Daily Archives: August 29, 2006

Sistani & Iraqi Oil

Posted by Cutler on August 29, 2006
Iraq / No Comments

The “so-called Iraqi government” must have got wind of blogosphere accusations from folks like Swopa and Michael Schwartz that the various Iraqi ministers, etc. represented nothing so much as an empty shell of a so-called “state.”

In response, the “government” seems to be making a bid for relevance with a new effort to resolve the minor issue of Iraqi oil.  It may be a failed bid, but even as an attempt it seems interesting and a bit surprising.

After all, there are many serious, outstanding, potentially explosive political issues on the horizon in Iraq, but it seemed like most of that contentious stuff was on hold.  Who really wants to make waves when the ship of state is sinking and the whole country is going down the drain?

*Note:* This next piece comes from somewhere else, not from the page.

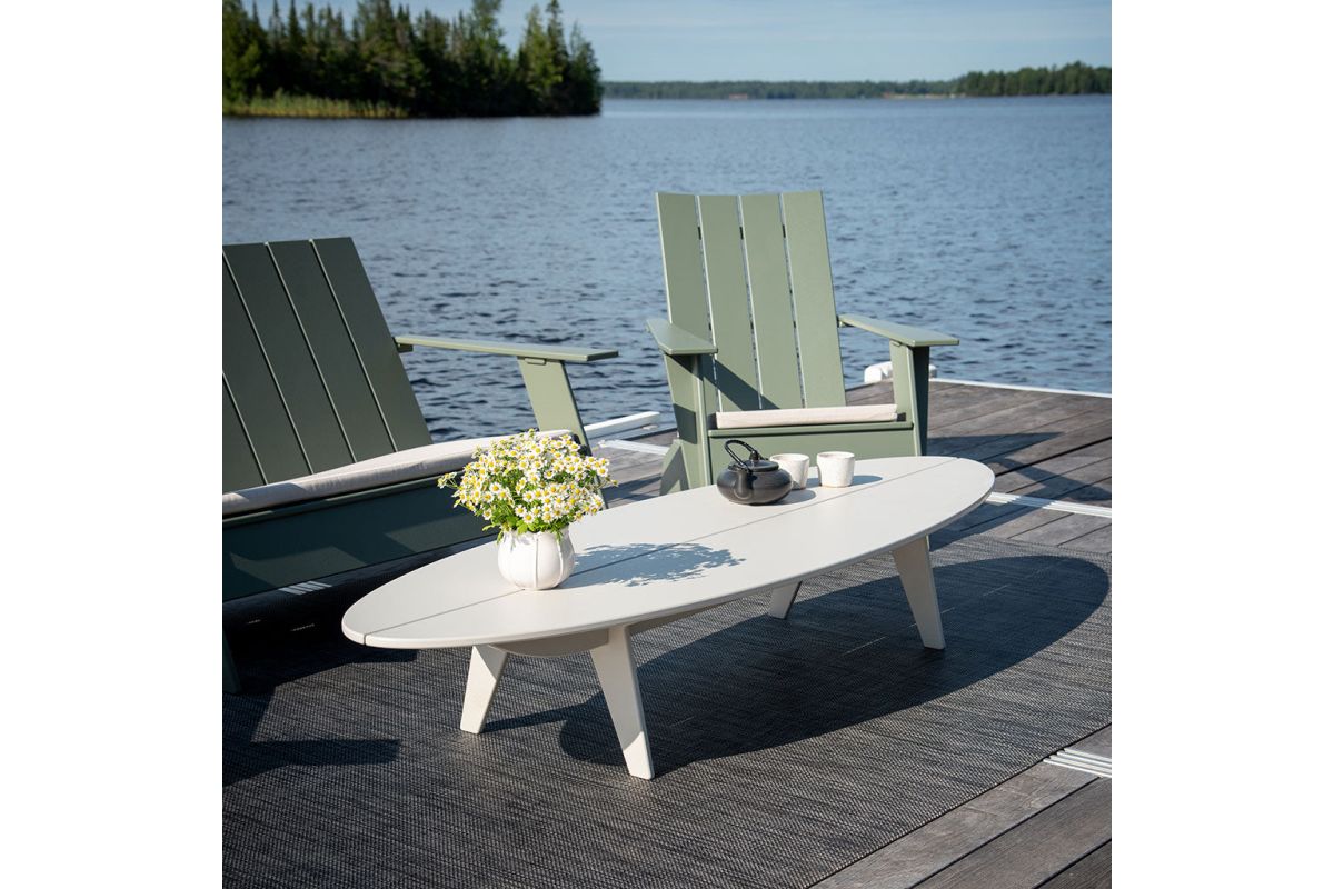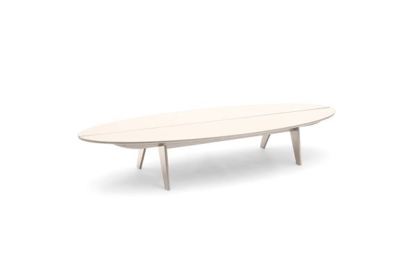 The modern Bolinas Surfboard Coffee Table makes it easy to carve out time for outdoor entertaining, lounging or lazing. This outdoor surfboard coffee table is made from recycled plastic, which means it's easy to clean and requires no maintenance. In fact, it doesn't even need wax. Measures 6 feet in length.

Answer: the Maliki government.

The Financial Times offers up the basic story and some important analysis:

Iraq’s main political factions have hammered out an agreement on the sharing of oil and gas revenues but other contentious issues need to be resolved before a draft hydrocarbon law is completed, a senior Iraqi official said on Tuesday.

Barham Salih, deputy prime minister in charge of the economy, told reporters in Washington by video link from Baghdad that the revenue sharing dispute had been settled during three days of intense talks at a “retreat” last week.

That contentious issue is out,” he said. The cabinet hopes to present the draft law to parliament by the end of the year, he added.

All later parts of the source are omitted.